Predictive value of control of COPD for risk of exacerbations: An international, prospective study
- PMID: 32249487
- DOI: 10.1111/resp.13811
Predictive value of control of COPD for risk of exacerbations: An international, prospective study
Abstract
Background and objective: The concept of clinical control in COPD has been developed to help in treatment decisions, but it requires validation in prospective studies.
Methods: This international, multicentre, prospective study aimed to validate the concept of control in COPD. Patients with COPD were classified as controlled/uncontrolled by clinical criteria or CAT scores at baseline and followed up for 18 months. The main outcome was the difference in rate of a composite endpoint of moderate and severe exacerbations or death over the 18-month follow-up period.
Results: A total of 307 patients were analysed (mean age = 68.6 years and mean FEV1 % = 52.5%). Up to 65% and 37.9% of patients were classified as controlled by clinical criteria or CAT, respectively.
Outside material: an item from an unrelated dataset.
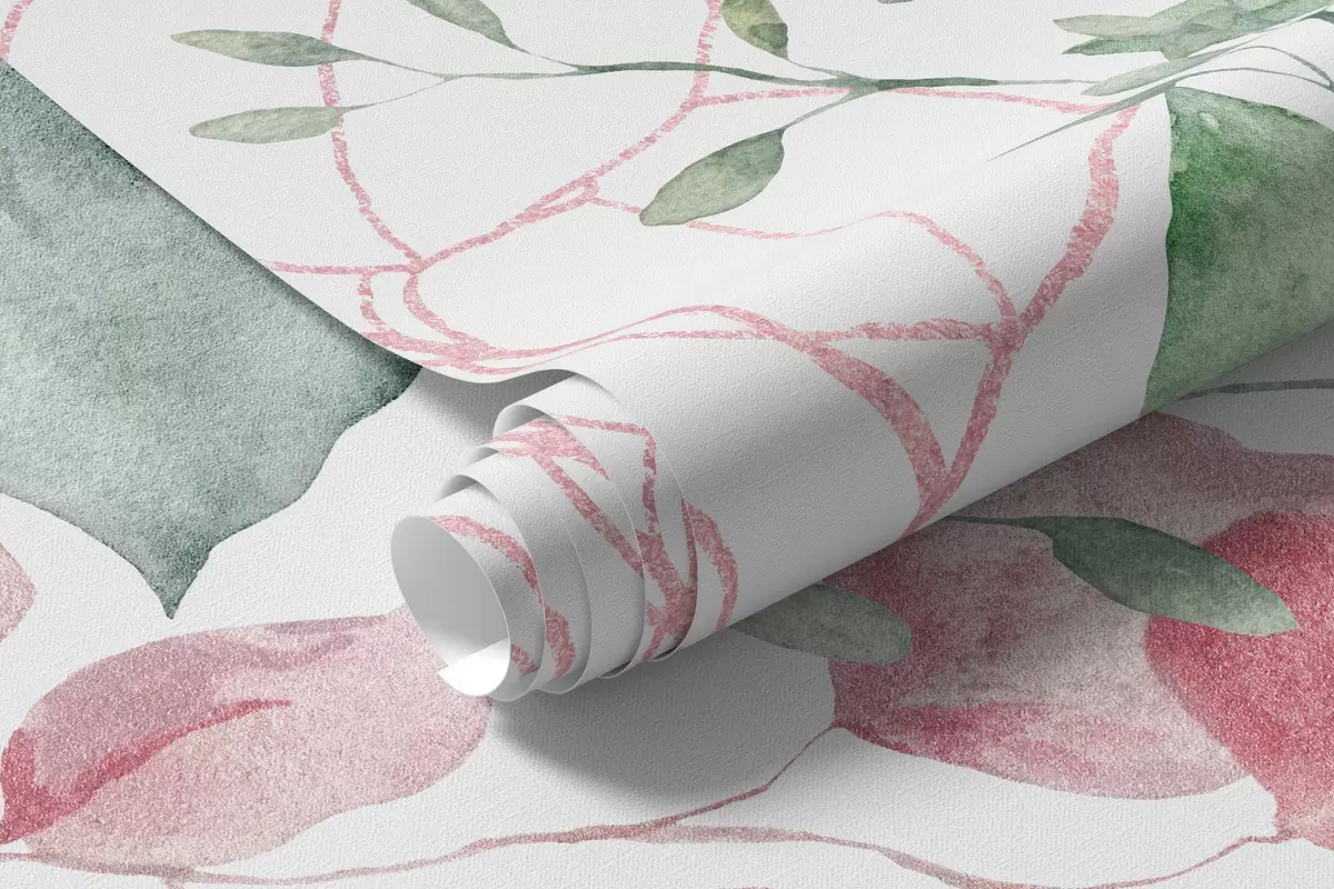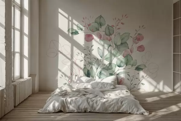 Valokuvatapetti Kasvillisuus ja oksat jäljitelmä kuvioitu akvarelli, vihreän ja vaaleanpunaisen sävyjä Nr w03927v2
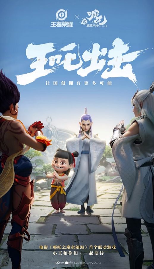中国国产手游《王者荣耀》与中国动画电影《哪吒2》首个联动游戏宣传海报。(图/上海上观新闻)

Controlled patients had significantly less exacerbations during follow-up (by clinical criteria: 1.1 vs 2.6, P < 0.001; by CAT: 1.1 vs 1.9, P = 0.014). Time to first exacerbation was significantly prolonged for patients controlled by clinical criteria only (median: 93 days, IQR: 63; 242 vs 274 days, IQR: 221; 497 days; P < 0.001). Control status by clinical criteria was a better predictor of exacerbations compared to CAT criteria (AUC: 0.67 vs 0.57).
Conclusion: Control status, defined by easy-to-obtain clinical criteria, is predictive of future exacerbation risk and time to the next exacerbation. The concept of control can be used in clinical practice at each clinical visit as a complement to the current recommendations of initial treatment proposed by guidelines.
Keywords: Chronic Obstructive Pulmonary Disease Assessment Test; clinical control status; dyspnoea; exacerbations; prevention.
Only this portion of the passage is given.